DEV Community

Vikas Arora
Vikas Arora

Posted on

Deploy Docker Example Voting App on AWS EKS using Github actions and expose it over the internet using Nginx Ingress Controller

Working on an end-to-end project was my way of reinforcing the knowledge I gained from the Kubernetes hands-on course that I took last month. At the same time, I wanted to share what I learned.

I wanted to use a microservices-based application for this project to unleash the full potential of Kubernetes. Luckily, I stumbled upon Docker’s example-voting-app when I was going over docker-compose concepts earlier.

The original Docker’s Example Voting App repository helps you to deploy and run the application on your local machine using docker-compose or kubernetes.

I have modified some manifest files and created Github actions (CI/CD) workflows to deploy it on AWS EKS cluster and expose it over the internet.

Application architecture

The architecture shows each component of the application and a brief description of what they do

example-voting-app architecture

  1. voting-app: Front-end of the application, written in python flask framework, which allows the users to cast their votes.
  2. redis: An in-memory data structure store, used as a temporary database to store the votes casted by the users.
  3. worker: Service written in .NET, that retrieves the votes data from redis and stores it into PostgreSQL DB service.
  4. PostgreSQL DB: PostgreSQL DB used as persistent storage database.
  5. result-app: Service written in node js, displays the voting results to the user.

Pre-requisites

  • An IAM user with Administrator access and Access keys to be used with GitHub Actions and Terraform. You can follow the link in the step-by-step approach below.
  • AWS CLI V2, steps here.
  • Dynamodb table in AWS to store the terraform state locking, steps here. Make Partition Key as ‘LockID’.
  • AWS ECR (Amazon Elastic Container) Registry with name voting-app (case sensitive) using steps defined here.
  • S3 bucket to store Terraform state files. Steps given here.
  • Terraform V1.0 or higher, install to your local terminal. Steps provided here.
  • Kubectl, install to your local terminal using the steps given here.
  • A valid domain name (I used cloudempowered.co for this demo) that you can get from any domain registrar (for example, godaddy, namecheap, etc.) or from Amazon route 53.
  • Project has been executed in the AWS North Virginia (us-east-1) region. If you want to use a different region, you will need to find and change the region value in the project repositories.

Technical Architectural overview

Technical architectural overview

Build and deployment of the example-voting-app on Kubernetes is done using the following DevOps tools/AWS Services:

  • Terraform: It deploys the AWS EKS cluster and the necessary AWS resources.
  • GitHub: It is the code repository for the application.
  • GitHub actions: It is the CI/CD tool that build and deploy the application on the EKS cluster.
  • Nginx Ingress Controller: It creates a network load balancer in AWS to enable external access to the application.
  • AWS EKS: It is the Kubernetes service in AWS.
  • Amazon VPC: It hosts the AWS EKS Cluster and all the required networking components for the project.
  • AWS ECR: It is a private repository (like docker hub private registry) that hosts the application docker images.
  • AWS Route 53: DNS service provided by AWS.
  • AWS Certification Manager: Certification authority that provides the SSL certificate to the validated domain name.

This is an intermediate level of implementation, and i assume some familiarity with AWS, Kubernetes, Github and CI/CD. I have provided links for more details where possible.

You might incur high cost if you keep the infrastructure components deployed on AWS for longer than needed. Destroy them through Terraform when your work is over.

Step-by-step approach to implement:

  • First fork these two GitHub repositories:

devopsulting/k8s-cluster-creation (github.com): This
repository contains Terraform code for creating the AWS
infrastructure needed to deploy the example-voting-app into
an AWS EKS cluster.

devopsulting/k8s-example-voting-app (github.com):
This repository contains the application source code and the
Kubernetes manifests for the example-voting-app.

  • To begin the setup, clone these two GitHub repositories to your local machine.
  • Setup your EKS infrastructure using the terraform repo k8s-cluster-creation and process defined by Ankit Jodhani here.

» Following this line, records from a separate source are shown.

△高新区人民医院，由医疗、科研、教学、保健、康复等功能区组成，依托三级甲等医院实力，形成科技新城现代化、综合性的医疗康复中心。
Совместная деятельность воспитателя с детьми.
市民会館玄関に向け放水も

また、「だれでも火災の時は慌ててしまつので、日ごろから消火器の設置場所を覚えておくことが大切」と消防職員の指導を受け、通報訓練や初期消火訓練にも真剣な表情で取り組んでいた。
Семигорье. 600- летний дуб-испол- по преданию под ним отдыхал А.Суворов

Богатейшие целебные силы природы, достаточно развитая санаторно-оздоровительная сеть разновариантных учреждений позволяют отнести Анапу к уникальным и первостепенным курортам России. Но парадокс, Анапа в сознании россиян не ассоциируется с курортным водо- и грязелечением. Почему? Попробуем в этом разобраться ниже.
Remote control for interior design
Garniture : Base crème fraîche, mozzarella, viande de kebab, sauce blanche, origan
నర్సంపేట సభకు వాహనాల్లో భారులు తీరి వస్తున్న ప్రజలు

I used his Terraform repository with necessary modifications. This article also covers how to create an IAM user, set up AWS CLI, and installing Terraform itself. Please do not clone any of the repositories mentioned in this article.
  • I have added some extra Terraform code to create Route 53 and SSL Certificate resources. These resources will allow to access the vote and result user interfaces over the internet using your own domain name. To do this, you need to change the value of the HOSTED_ZONE variable in the infra-creation/terraform.tfvars file to match your domain name.
  • Create your AWS infrastructure, including EKS cluster by running the Terraform.
  • As soon as this infrastructure is created, copy the NS (Nameserver) values from your domain’s hosted zone in Route 53, and update them in the Nameserver settings for your domain name with respective domain registrar/provider (goadaddy, namecheap etc.)

Route 53

Hosted zone

Hosted zone NS records

Update NS settings for the domain name with your domain registrar/provider

Domain registrar NS

Pictures above shows the NS values that I used for my domain name. You should not use the same values for your domain name. Route 53 will generate specific NS entries for your hosted zone.

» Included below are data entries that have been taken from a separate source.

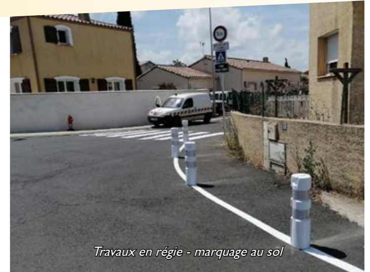
Travaux en régie - marquage au sol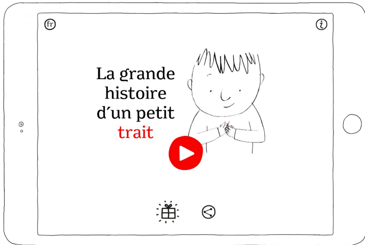
La Grande Histoire d'un petit trait - Photo du film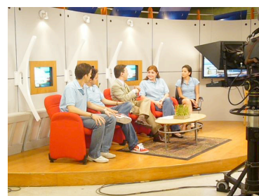
Durante una entrevista en los medios.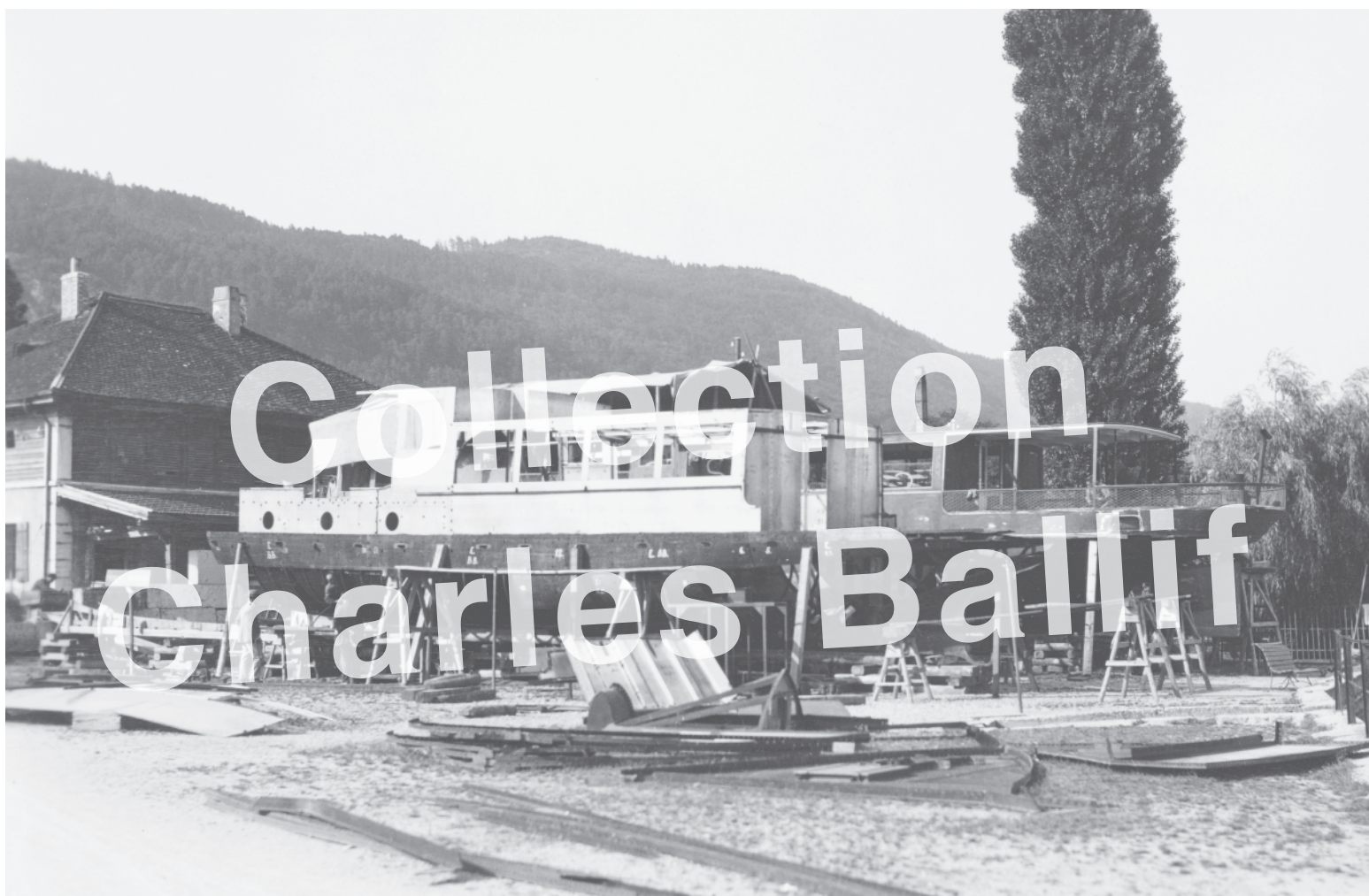
La Neuveville 1932, construction des bateaux Seeland et Jura devant le Lessivier.

Also, above hosted zone setup assumes that you registered your domain name with a different domain registrar than Route 53. If you registered your domain name with Route 53, then you don’t need to do this setup. Route 53 will automatically create a hosted zone for your domain name and update the name servers for you. In that case, you can remove the Terraform code for Route 53 setup.

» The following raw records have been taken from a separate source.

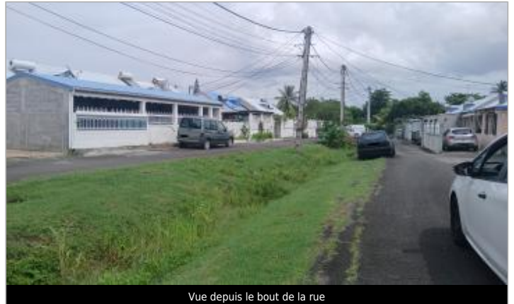
Vue depuis le bout de la rue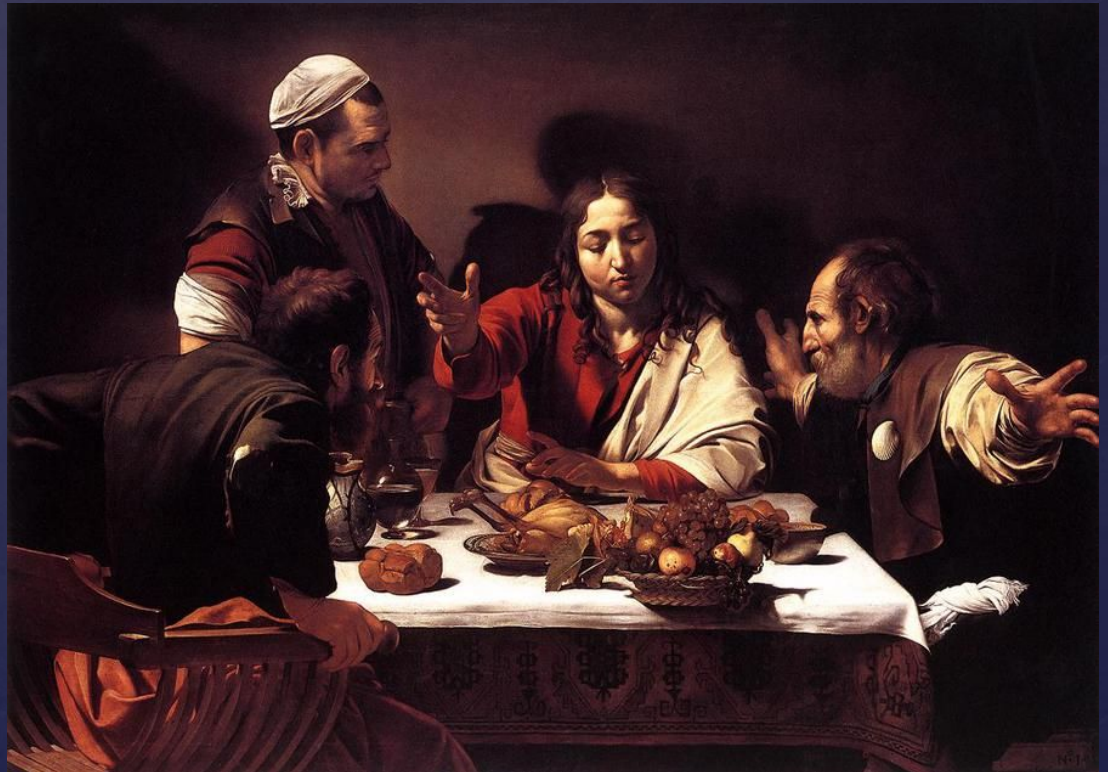
«Ужин в Эммаусе» 1601г, Караваджо

Становление натюрморта, как самостоятельного жанра начинается в 1500-х годах в Северной Европе. В средние 16 века искусство служило христианству, иллюстрируя сцены из Библии. Художники в 1500-х и 1600-х годах, такие как Ян Ван Эйк и Караваджо, включали композиции предметов как часть христианских сцен.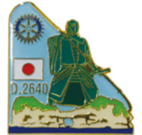
本年度地区バッジ (井慶)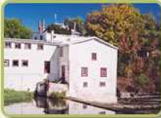
Le moulin Légaré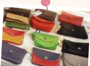
可愛らしい革製品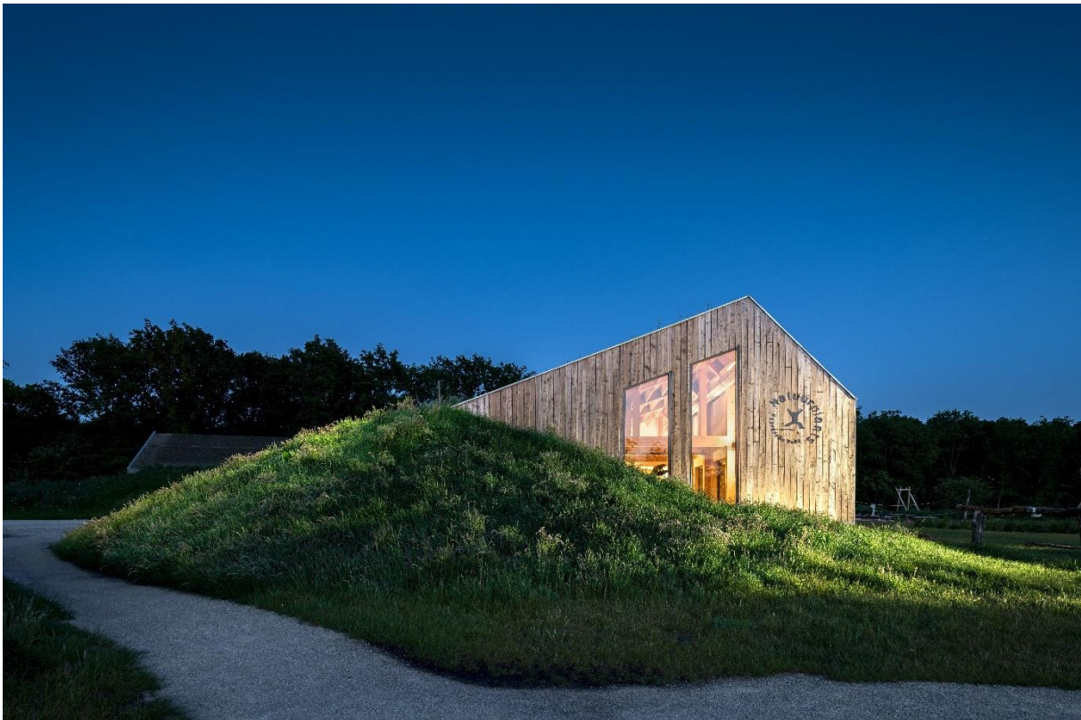
Gebouw en landschap lopen in elkaar over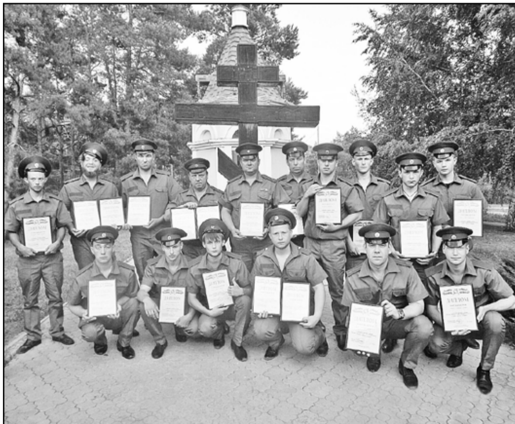
Сибирская делегация слёта казаков

Молодые казаки посетили Государственный музей-заповедник Михаила Шолохова, побывали на месте захоронения великого писателя. От экскурсоводов представители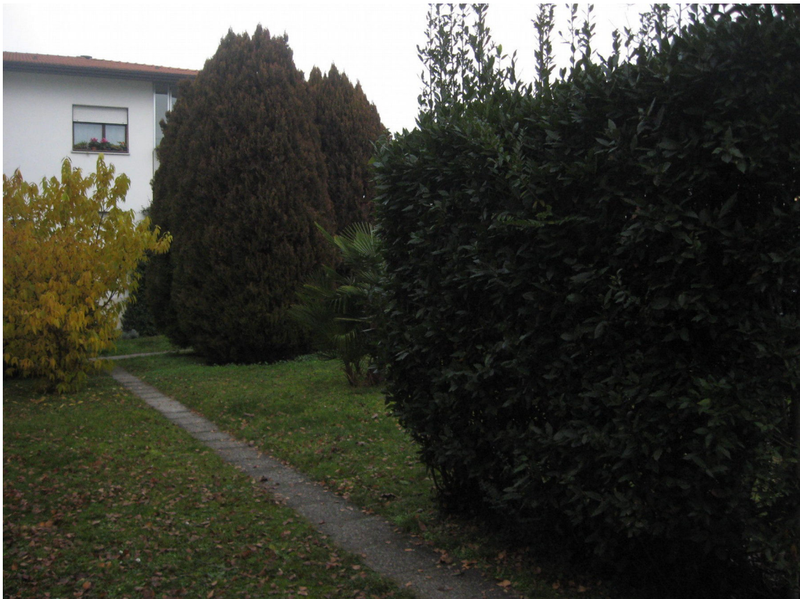
Il giardino con i vialetti pedonali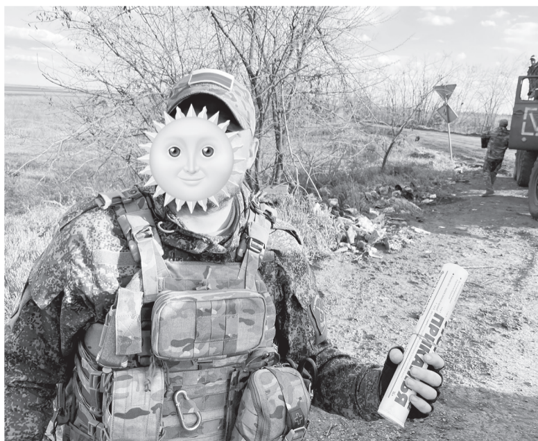
Районка была доставлена бойцам в апреле с гуманитарной помощью от жителей Еловского округа

Мы ждём добрых вестей и возвращения ребят домой живыми и здоровыми. Пожелаем удачи нашему земляку. Победа будет за нами!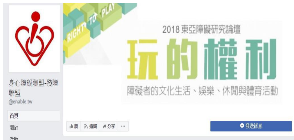
● 圖 1-2 身心障礙聯盟粉絲專頁

現代人不再像以前一樣閱讀報章雜誌來獲取新知識，而是使用網際網路、社群軟體來接收新知識，反觀若要讓民眾更加了解 CRPD 運作現況，我認為可以使用社群軟體來讓民眾了解 CRPD 是什麼？並且也可以隨時更新 CRPD 的近況。

Significance of this step is that your domain name will be validated by the AWS Certificate Manager and a valid SSL certificate will be issued for your domain name. The verification process may take 15–30 minutes (for domain names that are not registered with Route 53). During this time, terraform setup will wait for the verification to finish. Therefore, you should do this step as soon as your hosted zone is created in Route 53.

Certificate issued

Certificate validated

Before moving ahead with application deployment using k8s-example-voting-app repository, we need to understand the brief about Github actions, it’s setup and pivotal role it played in creating the application docker images, storing them in the AWS ECR and finally pushing them to the EKS cluster using manifests.

Open the k8s-example-voting-app repository, and follow along.

Github Actions (GA)

We are using GA as a CI/CD tool to perform build, test, and deployment actions. This is how we deploy the application on the EKS cluster. You can learn more about GA in this article here.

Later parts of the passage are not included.